You are viewing a plain text version of this content. The canonical link for it is here.
Posted to issues@spark.apache.org by "Marco Gaido (JIRA)" <ji...@apache.org> on 2018/02/16 12:55:00 UTC
[jira] [Commented] (SPARK-23439) Ambiguous reference when selecting
column inside StructType with same name that outer colum
[ https://issues.apache.org/jira/browse/SPARK-23439?page=com.atlassian.jira.plugin.system.issuetabpanels:comment-tabpanel&focusedCommentId=16366945#comment-16366945 ]

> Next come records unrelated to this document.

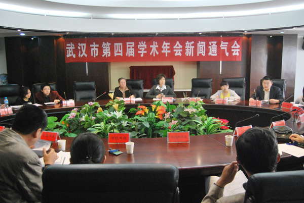 10月20日上午,武汉市第四届学术年会新闻通气会在市科协召开。市第四届学术年会组委会办公室主任、市科协党组成员、副主席张太玲同志,市科协副主席杨军同志,市委宣传部新闻处、市科协组宣部有关负责同志以及来自光明日报、经济日报、中新社、湖北日报、长江日报等近20家媒体的记者参加发布会。会议由杨军同志主持。
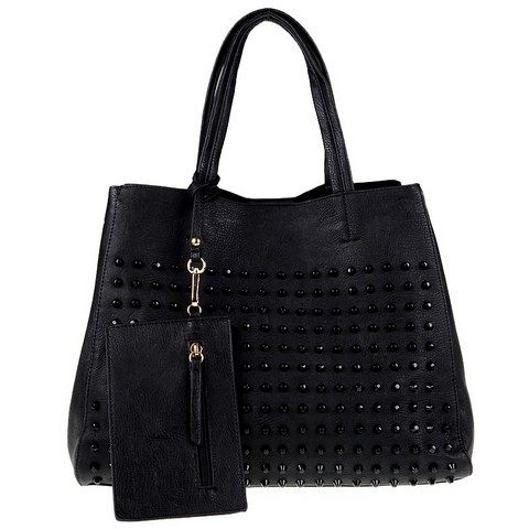 Женская сумка DISPACCI черного цвета. Выполнена из качественной эко кожи. Цвет фурнитуры - золото. Сумка закрывается за счет кнопки, имеет одно главное отделение. В комплекте прилагается маленькая сумочка и кошелек на молнии, маленькая сумочка внутри имеет карман на молнии и кармашки для мобильного телефона и мелочей, а также к ней прилагается наплечный ремень, максимальная длина ремня 105 см. Модель имеет две ручки. Высота ручки - 18 см, что позволяет носить сумку на плече. Шипованные сумки играют доминирующую роль в моде сезона 2013-2014! С такой сумкой можно пойти на работу, в ресторан или просто на прогулку! Идеальный вариант для тех кто следит за модой! Прекрасно подойдет, к классическому и повседневному образу.
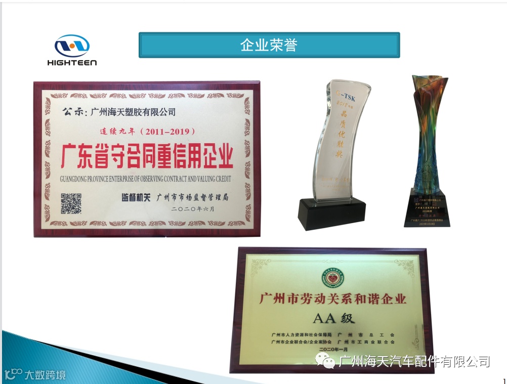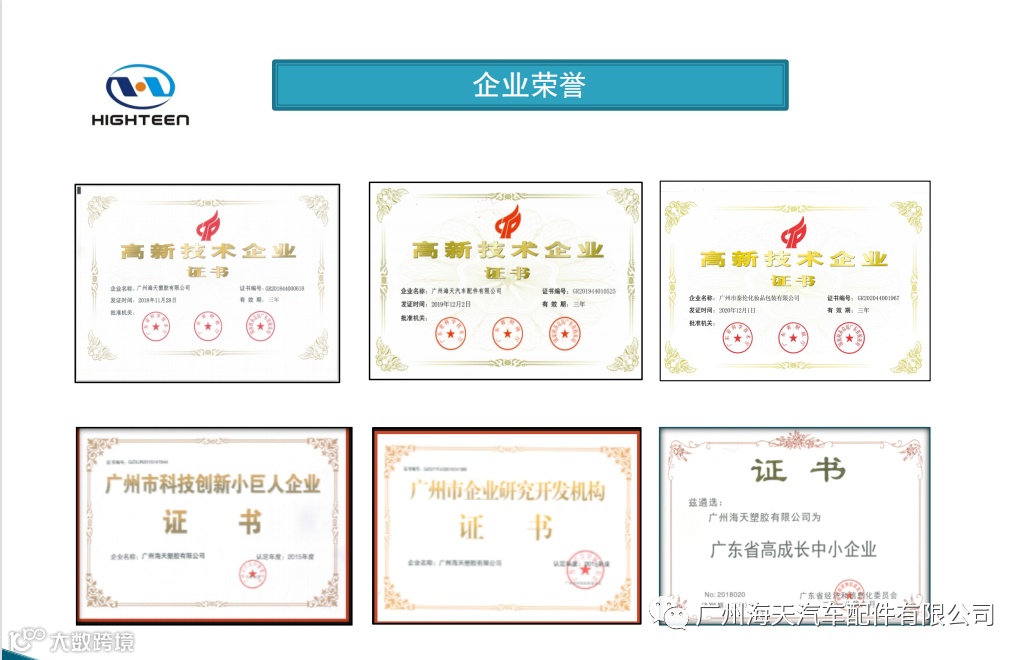 海天从2001年做家电塑料制品的小工厂到今天拥有员工近700名,厂房面积30000多平方米,座落于花都汽车城及赤坭镇为中心的两大生产制造基地,我们风雨走来已发展成一家专业从事汽车内外饰件、电子产品和模具设计加工、成型及表面处理的中大型现代化企业。
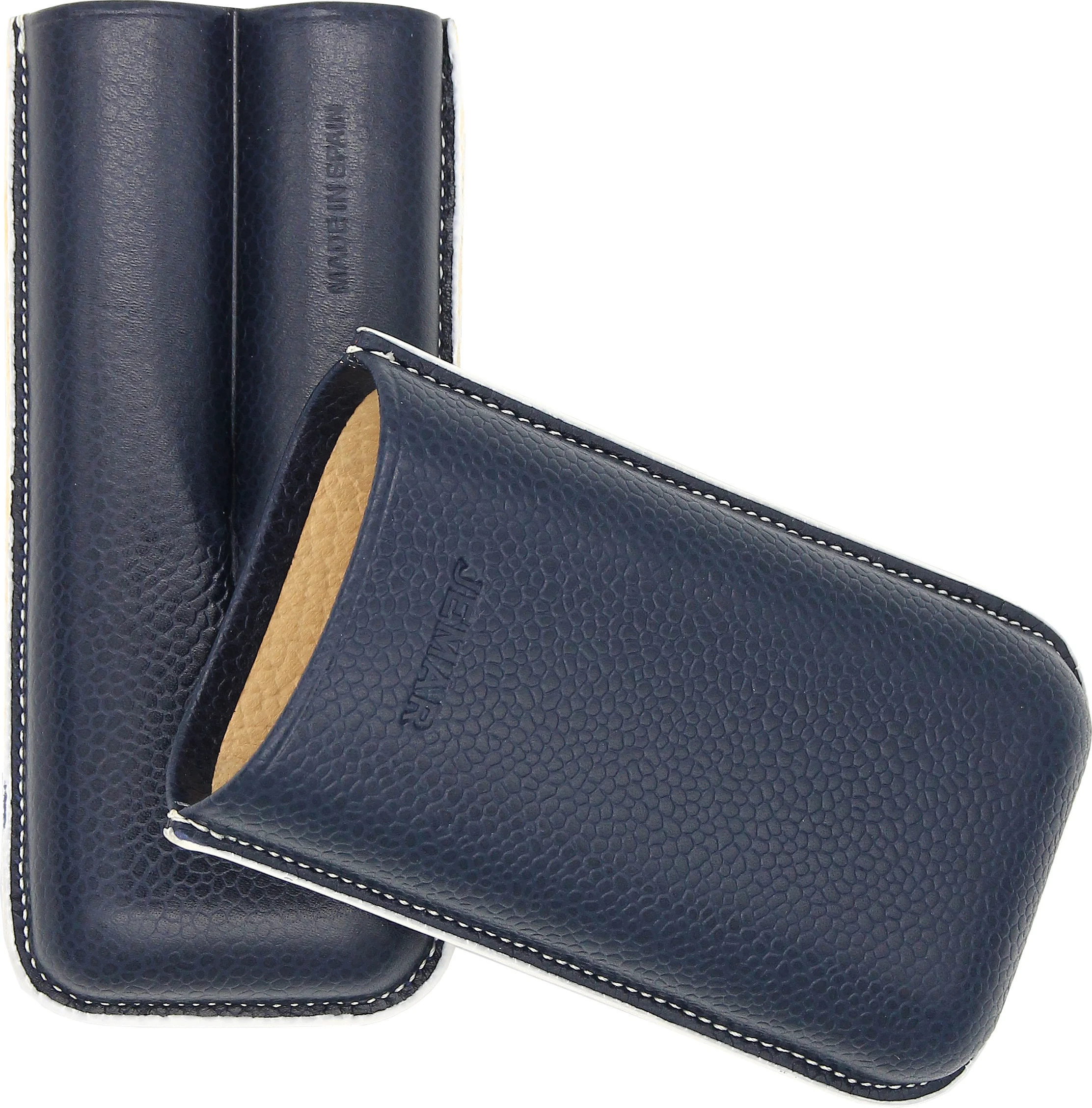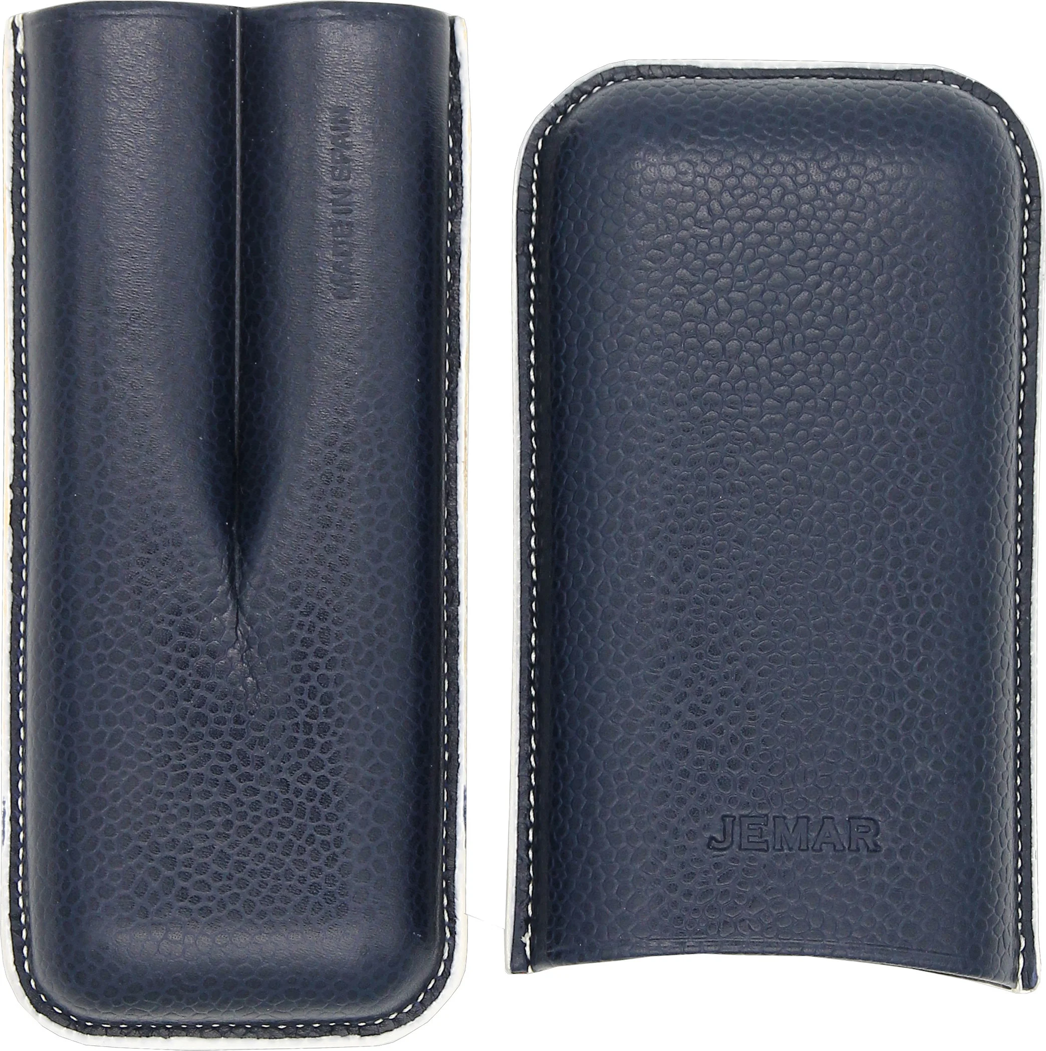Das Jemar Leder Zigarrenetui für zwei Zigarren ist ein stilvolles Accessoire für Aficionados, die Wert auf Qualität und Handwerkskunst legen. Gefertigt aus echtem Leder in zeitlosem Blauton mit heller Ziernaht und weißem Zierrand, überzeugt es durch Eleganz und Funktionalität. Innen ist das Etui mit hellem Glattleder ausgekleidet, was nicht nur für ein edles Erscheinungsbild sorgt, sondern auch zusätzlichen Schutz für die Zigarren bietet.
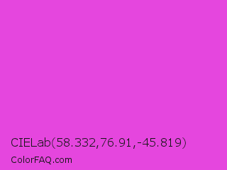 CIELab 58.332,76.91,-45.819 Color is a normal magenta color and the nearest color is Purple Pizzazz #fe4eda. Hex code #e546de and RGB value is rgb(229,70,222). In RGB color space, this color is composed of 90% red, 27% green, 87% blue, In CMYK color space, this color is composed of 0% cyan, 69% magenta, 3% yellow , 10% black , In HSL color space, this color has a hue angle of 303° , 75% saturation and 59% lightness.
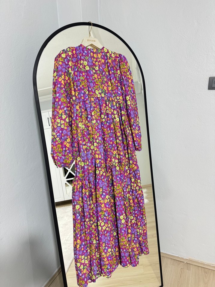 Renkli batik desenli, pilili detaylı uzun kollu, bol kesim bohem elbise. Yuvarlak yakalı ve yumuşak sentetik kumaştan üretilmiştir.
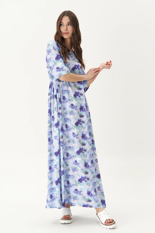 Длинное, невероятно комфортное летнее платье, это то, что так необходимо знойным летним днём. Оно придает образу нотки романтизма и женственности. Свободный А-силуэт, рубашечный покрой, круглая горловина, рукав расширенный в области оката с эластичным шнуром и фиксаторами в области боковых швов, переходящая со спинки, частично на полочку, выше линии талии. Кулиса 100% вискоза с набивным 3принтом. Мягко струится и дарит настроение лёгкости и свежести.Длина платья около 95см.Длина рукава с плечом около 40 см.
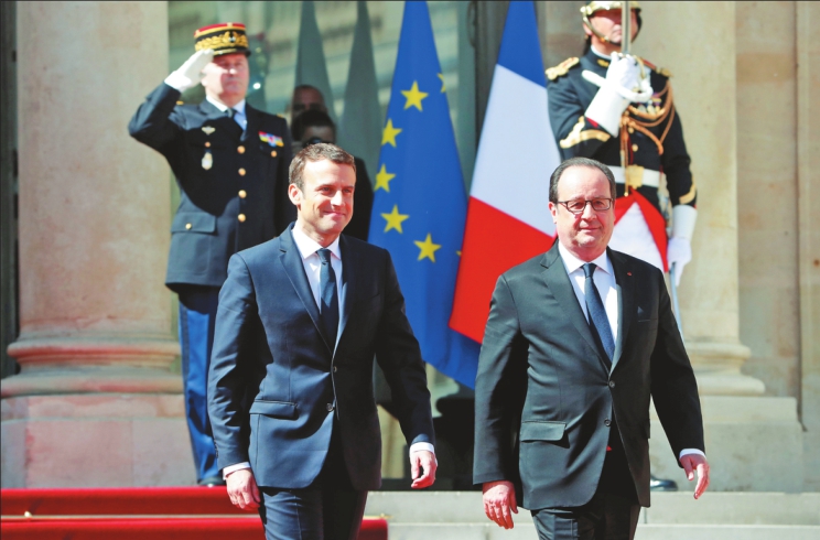据新华社巴黎5月14日电(记者韩冰应强)法国当选总统埃马纽埃尔·马克龙14日与卸任总统弗朗索瓦·奥朗德完成权力交接,正式就任法兰西第五共和国第八位总统。 当地时间14日上午10时(北京时间16时)许,马克龙乘车抵达爱丽舍宫。他与卸任总统奥朗德进行了长达一个多小时的会谈,交接了包括核密码在内的多个重要国家机密事宜。两人会谈结束后,马克龙陪伴奥朗德走向停在红地毯尽头的汽车。在离汽车10余米处,两人久久握手告别,奥朗德对马克龙道声“加油”后登上汽车。随着汽车缓缓驶出爱丽舍宫大门,法国进入“马克龙时代”。 图为5月14日,在法国巴黎爱丽舍宫,当选总统马克龙(左)在权力交接仪式后送别卸任总统奥朗德。 新华社发

Marco Gaido commented on SPARK-23439:
-------------------------------------
[~cloud_fan] I think this comes from https://github.com/apache/spark/pull/8215 (https://github.com/apache/spark/blob/1dc2c1d5e85c5f404f470aeb44c1f3c22786bdea/sql/catalyst/src/main/scala/org/apache/spark/sql/catalyst/plans/logical/LogicalPlan.scala#L203). We are adding an Alias to the name of the last extracted value. I am not sure whether this is the right behavior, so this JIRA is invalid, or this should be changed. What do you think? Thanks.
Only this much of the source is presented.